Sekilas ia sama saja dengan anak-anak perempuan lainnya. Rambutnya diekor kuda, kulitnya agak hitam, dan seragamnya pun tidak baru. Sadijah, pindahan dari sekolah di Desa Cipeteuy.
Ia masuk agak terlambat, diantar Kepala Sekolah. Ia duduk sendiri di bangku belakang baris keempat, satu-satunya bangku yang masih kosong.
Kadang-kadang anak-anak mencuri pandang bila ada kesempatan. Sadijah tampak serius mendengarkan pelajaran. Namun, ketika bel istirahat tiba, tiba-tiba ia menyalami anak yang duduk di depannya.
"Kenalkan, aku Sadijah. Namamu siapa?" tanyanya. Satu per satu anak disalami.
Ia mengamati kawan barunya sambil mencoba menghafal namanya.
Akhirnya ia menyalami Mirta dan Tino, yang terakhir keluar dari kelas.
"Tino!" Terdengar suara Tino ketika mereka bersalaman.
"Tino, sang detektif!" tambah Mirta.
"Ah, jangan percaya. Mirta memang pandai mengarang!" kata Tino. Namun mata Sadijah tiba-tiba berbinar-binar.
"Detektif? Waah, kita ini sama, Io. Aku juga dijuluki detektif oleh kawan-kawan di desaku," kata Sadijah.
Mirta dan Tino terbelalak, dan kemudian tertawa.
"Kalau begitu mari kita dengarkan pengalaman detektif wanita kita," ajak Mirta dengan bersemangat. Dan beberapa saat kemudian anak-anak sudah merubungi Sadijah seperti semut merubungi gula.
"Pernah di desaku ada kasus pencurian domba. Dombanya satu, tapi yang mengaku memilikinya ada dua, yaitu Ujang dan Ihin. Mereka katakan nama domba mereka si Putih," demikian cerita Sadijah.

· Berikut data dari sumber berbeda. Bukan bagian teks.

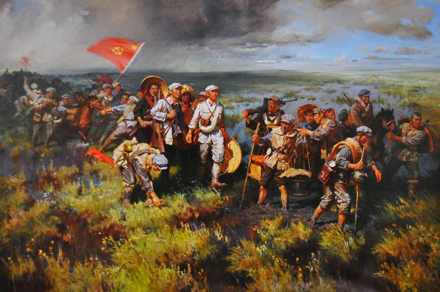 八十多年前的一個(gè)夜晚,夜幕籠罩著無邊無際的草地,簇簇篝火映著一群又一群饑餓難耐的紅軍指戰(zhàn)員。萬籟俱寂的草地夜空,突然飛來用法語演唱的《馬賽曲》的歌聲。循著歌聲,只見一位颯爽的女紅軍正面對(duì)夜空縱情歌唱《馬賽曲》。徐特立、成仿吾等受到《馬賽曲》的感染,請(qǐng)不自己地站起,應(yīng)和起來。毛澤東循著歌聲走到近前,他駐步靜靜地傾聽。《馬賽曲》的歌聲終止了,但草地的夜空依然余音不絕。毛澤東說“好!唱得好!”帶頭鼓起了掌,“同志們!我從你們的歌聲中不僅感到了力量,忘記了饑餓,而且還看到了中國革命最美好的希望!”

"Ketika banyak orang berkumpul di rumah Pak RT, aku juga ikut menonton. Sulitnya, orang sering melihat Ujang dan Ihin bersama-sama menggembalakan ketujuh domba mereka. Jadi tidak jelas siapa yang punya tiga domba, dan siapa yang punya empat domba."
Anak-anak sangat tertarik."Pak RT berkali-kali meminta supaya mereka jujur saja, tapi keduanya tetap berkeras domba itu milik mereka," kata Sadijah.
"Lalu aku mengatakan bahwa aku tahu domba itu milik siapa dan Pak RT mengizinkan aku bertindak," kata Sadijah.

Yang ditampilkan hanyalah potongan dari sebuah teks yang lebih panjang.